# Skateboarding to snowboarding



## Guest (Dec 22, 2008)

Ive been skateboarding in my teen years in Florida but I recently moved to Seattle, WA and want to start snowboarding. I have a few questions for you guys:

1) What size/ type/ brand board should I get? I'm 6'2 and weigh around 180lbs
2) What brand type/ snow shoes should I get? I have size 13 shoes...
3) What's the best closest spot to snowboard in Seattle/ Tacoma area?

Thanks.


----------



## Guest (Dec 23, 2008)

Heya, i can help ya with 1 & 2.
Skating is going to help your snowboarding. 
The kind of board and stuff depends on what you're willing to purchase honestly.

Lib-tech makes a great board called the skate-banana which is shaped like a skateboard, but runs a bit high.

I have size 13 feet also and ride 11.5 boots, go 1 size smaller than your shoe size on boots otherwise they'll be too big.

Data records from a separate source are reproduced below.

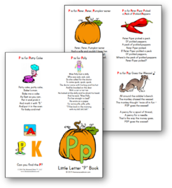 Peter, Peter, pumpkin-eaterHad a wife and couldn’t keep her.He put her in a pumpkin shell,And there he kept her very well.How to assemble my Little Letter Books: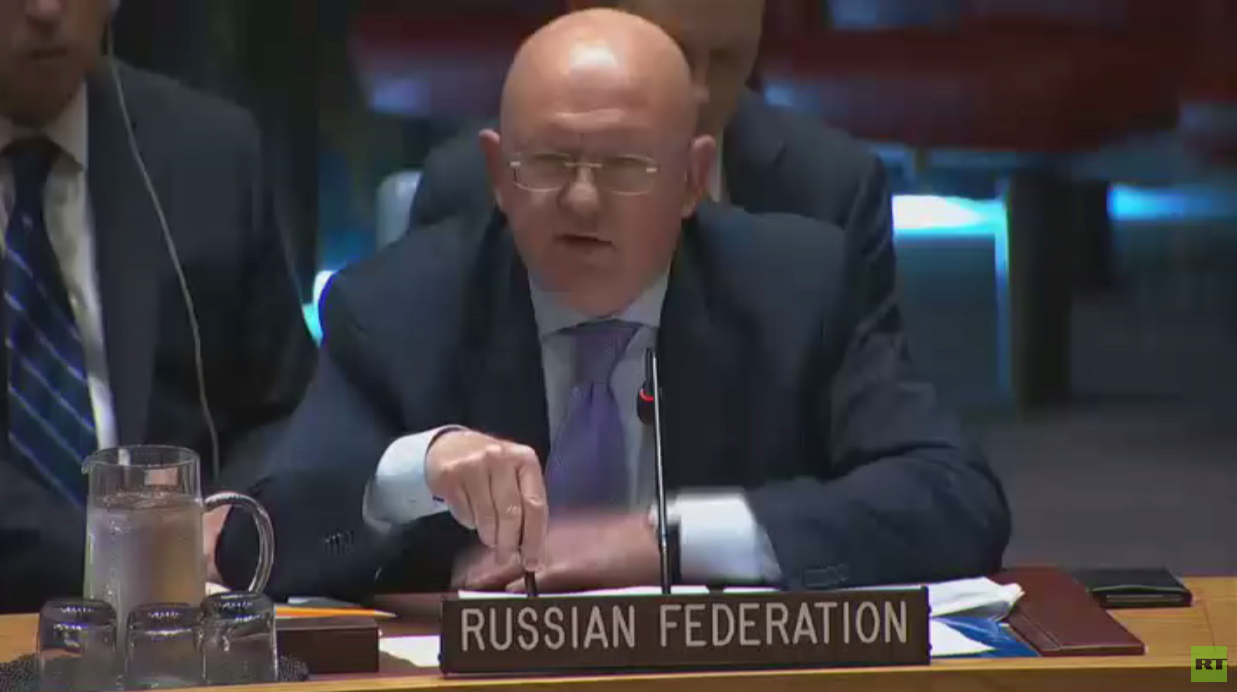 اتهم المندوب الروسي في مجلس الأمن فاسيلي نيبينزيا دول الغرب بالسعي للحفاظ على جيب إرهابي في إدلب شمال سوريا، لاستخدامه مستقبلا ضد الحكومة السورية.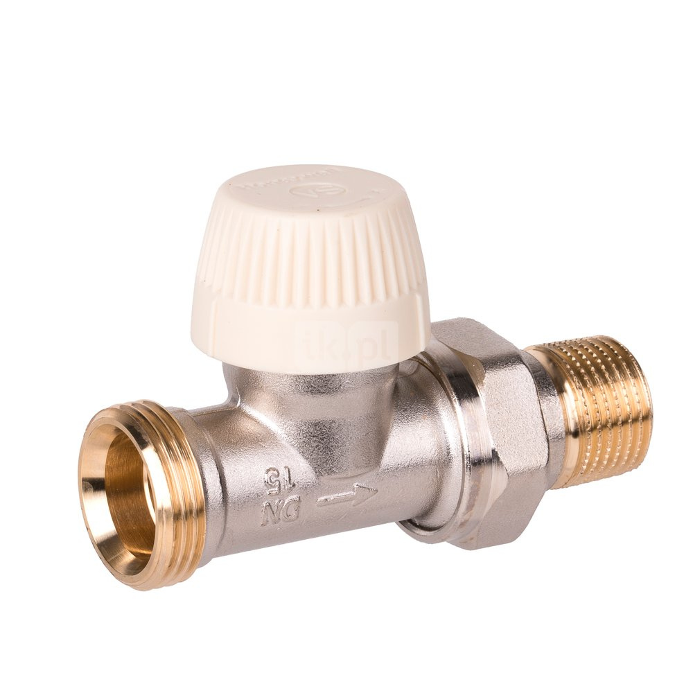 2. Zawór termostatyczny z wkładką SX, prosty, przyłącze 1/2". Korpus z gwintami zewnętrznymi i złączką do grzejnika z uszczelnieniem metal-metal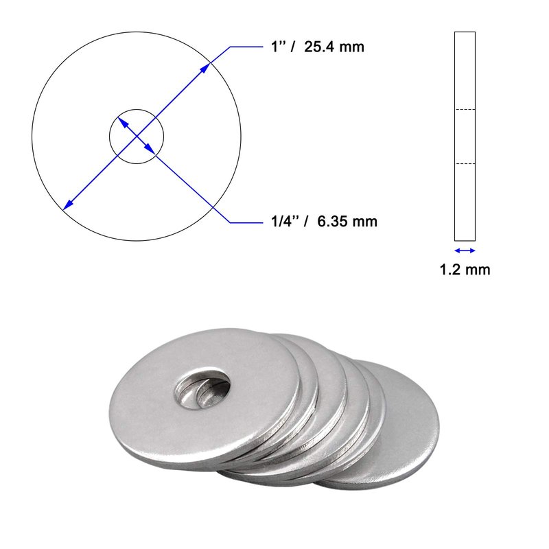 - 【Flat Washer Size】➤120Pcs 1/4" x 1" Stainless Fender Flat Washers.Inside Diameter:1/4";Outside Diameter: 1" ;Thickness: 1.2mm.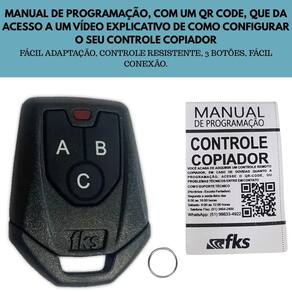 O Controle Copiador FKS Universal é a solução prática e eficiente para quem precisa duplicar e programar controles de portão eletrônico, garagem, alarmes, carros e chaves eletrônicas. Compatível com a maioria dos controles de frequência até 433MHz, ele garante facilidade no uso e mais comodidade no dia a dia. Desenvolvido com design moderno e funcional, o controle FKS é leve, resistente e pode ser levado para qualquer lugar. Ideal tanto para uso residencial quanto instaladores, condomínios e empresas de segurança . Principais Benefícios: Universal: compatível com controles remotos de portão, garagem, alarme, chave eletrônica e carro. Frequência até 433MHz: abrange ampla gama de dispositivos, garantindo maior compatibilidade. Praticidade: fácil de programar, duplicando sinais em poucos passos. Multiuso: ideal para quem deseja ter um único controle para diferentes equipamentos. Portátil e resistente: design compacto, leve e durável. Economia e conveniência: substitui ou duplica controles perdidos ou quebrados sem complicação. Como Utilizar: Apague os dados anteriores do controle FKS. Pressione os botões correspondentes para copiar o sinal. Pronto Seu novo controle já estará funcionando. Consulte o manual incluso. Conteúdo da Embalagem: 1x Controle Copiador FKS Universal Manual de instruções para programação Observações Importantes: Compatível com controles de frequência até 433MHz não funciona em frequências diferentes . Não compatível com controles rolling code criptografados. Garanta agora o Controle Copiador FKS Universal e tenha praticidade, segurança e compatibilidade em um só dispositivo Marca: Não Informado Ean: 7899906806662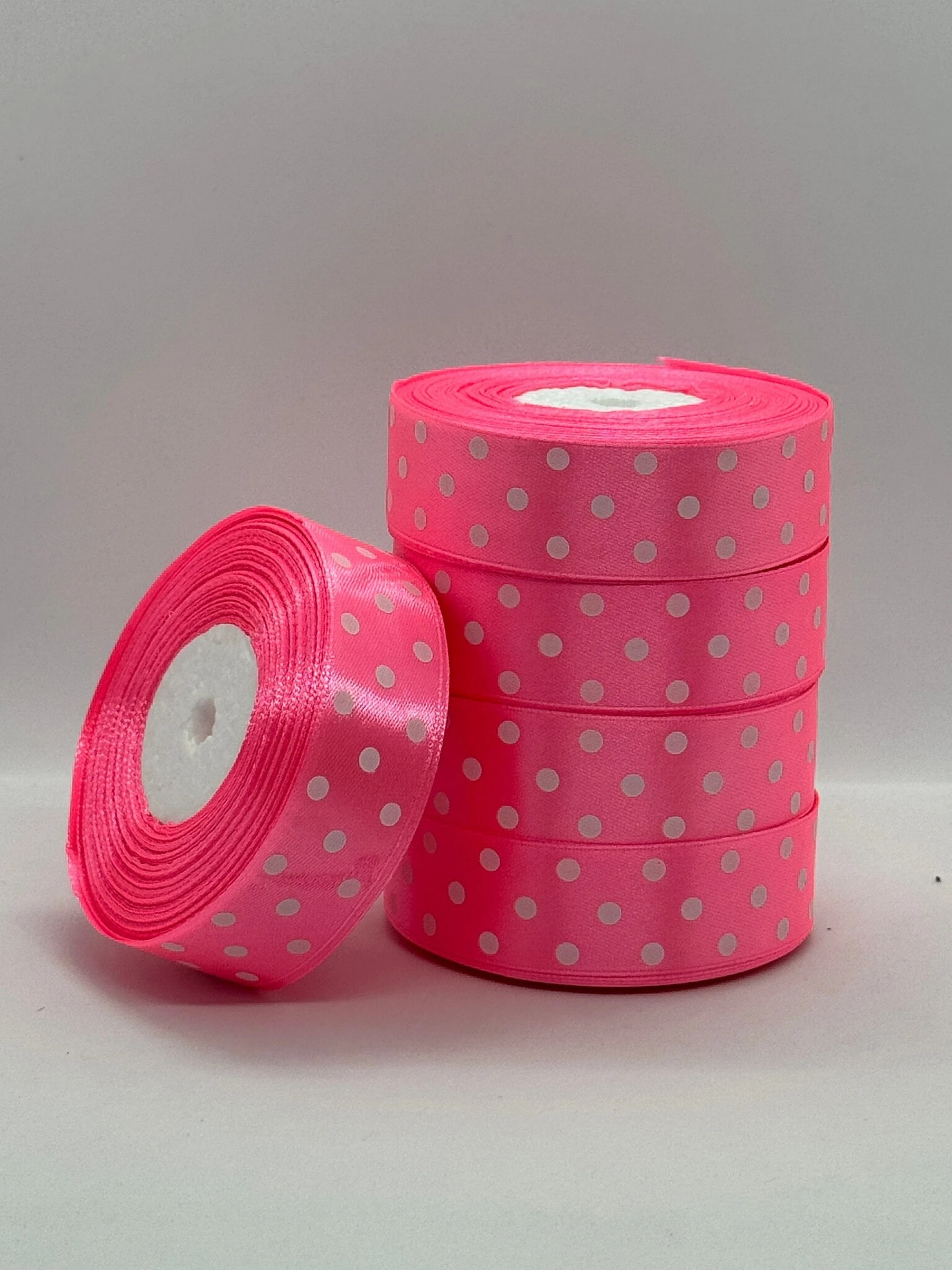 Стрічка атласна в горох 2.5 см (5*36 ярдів), 05 рожевий + білий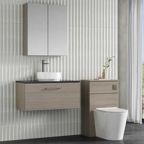 This unique solace oak finish compliments any modern bathroom to create a designer look. This wall hung unit creates more space in your bathroom giving the illusion of a bigger bathroom. This unit has soft close drawers which limits the daily wear and tear and provides a quieter closing action. Colour co-ordinate your unit with a solace oak WC unit. Supplied with laminate worktop, for use with vessel basins (sold separately).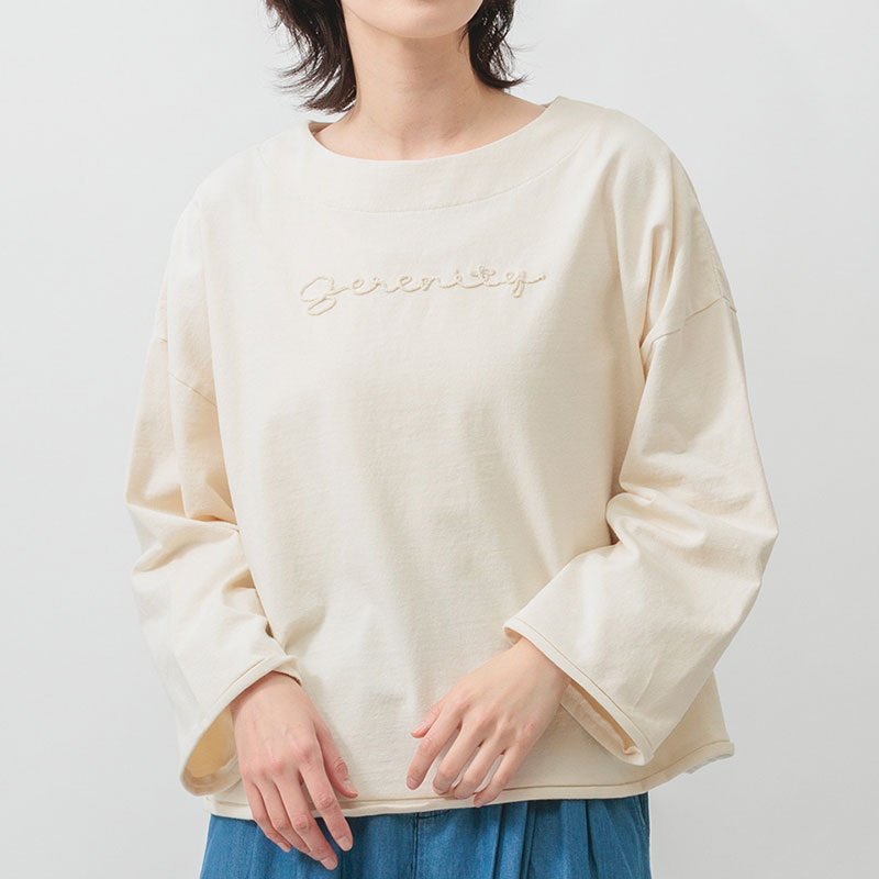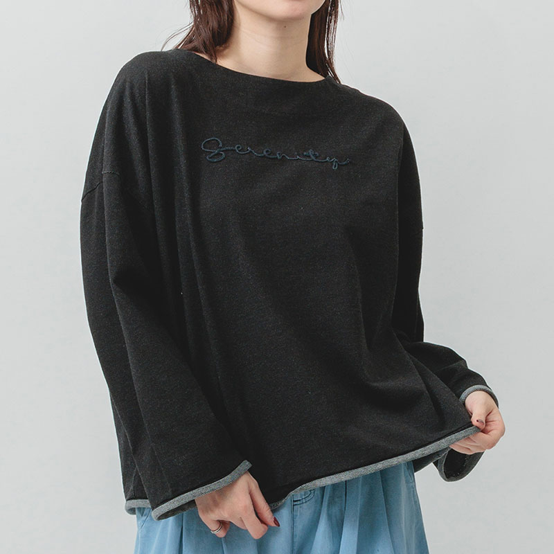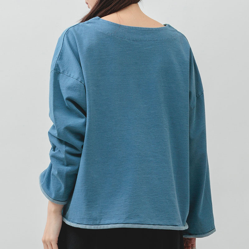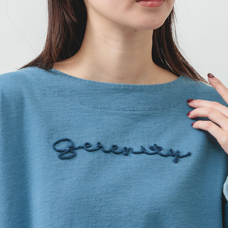 婦人『m.m.o.』インディゴ裏毛ロゴ刺しゅうトップス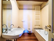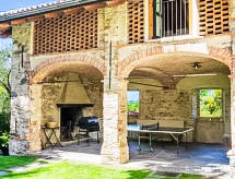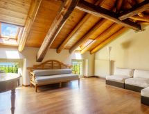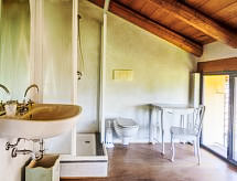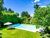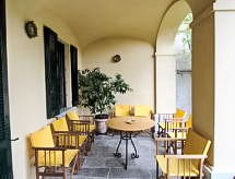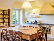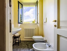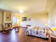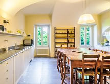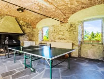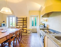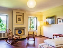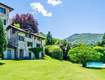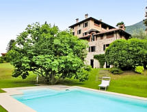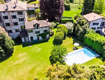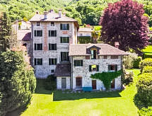 Gammal, stor villa "Torre", från 1800-talet. 2 km från centrumet av Porto Valtravaglia, lugnt, upphöjt läge, område med lite trafik, 2.2 km från sjön. För privat bruk: trädgård 2'500 m2 (inhägnad) med gräsmatta och träd, pool (12 x 6 m, 80 - 200 cm djup, tillgång säsongsbunden: 15.Maj. - 15.Sep.). Dusch/toalett i poolområdet, bordtennis, sittplats, utegrill. I huset: hiss. Parkering (för 3 bilar) på tomten, allmän parkering 50 m. Stormarknad 2 km, restaurang, bar 500 m, järnvägsstation "Porto Valtravaglia" 2 km, grusstrand 2.2 km. Närbelägna sevärdheter: Luino 8 km, Laveno 10 km. Notera: fordon rekommenderas, hiss endast till 3. våningen. Ägaren accepterar inga ungdomsgrupper. Delar av huset är stängda och obebodda.Interior

you'll probably want between a 159 & 160 board.

There are a lot of good binding and boots companies. I ride force bindings by union and they're really awesome. Vans boots too. Its up to you really, just do some research and figure out what you like.


----------



## Guest (Dec 23, 2008)

well if this is ur first time snowboarding you will probably want to purchase a lower end board first. like a board around $200 cause if you don't like it. you will just waste ur money if you bought a really expensive one. if you really like it get used to it first with the board. then if your ready for more difficult stuff you should change because not all boards are meant for everything.

hope this helps

just to let ya kno i am no genius at skatebaording :laugh:


----------



## baldylox (Dec 27, 2007)

Read Sedition's Equipment Guide http://www.snowboardingforum.com/welcome-new-riders-new-members/9131-sedition-s-equipment-guides.html



flightskate said:


> 1) What size/ type/ brand board should I get? I'm 6'2 and weigh around 180lbs


159 would be a good place to start. All mountain. RENT FIRST! 



flightskate said:


> 2) What brand type/ snow shoes should I get? I have size 13 shoes...


Go to a shop and try them on.... I recommend starting with a size thirteen and seeing if that is comfortable. They do break in so you'll probably end up with something slightly smaller than your shoe size. They should be snug when you buy them, but not cutting off circulation. 




YetisCanShred2 said:


> Skating is going to help your snowboarding.


In what way?


----------



## laz167 (Nov 27, 2007)

The only thing in common with Skateboarding and Snowboarding..Is the word Boarding.


----------



## Guest (Dec 31, 2008)

Bend your knees  That'll be where some of your skateboarding will come into play with snowboarding. There goes one similarity.


----------



## Guest (Dec 31, 2008)

From personal experience my friends and I all snowboard and skateboard, skating coming first.

The balance and flow of skating as well as alot of the movements is pretty easily translated from pavement to snow.

My friends who are great skaters picked up snowboarding, having never done it before, and were spinning & hitting handrails within 2 days of starting easily.

All i'm saying is that if you're good at skating snowboarding is gonna be a lot more intuitive and definitely alot easier to pick up.


----------



## Guest (Dec 31, 2008)

Dropping into a bowl is similiar to getting off a ski lift if that's a good comparison.


----------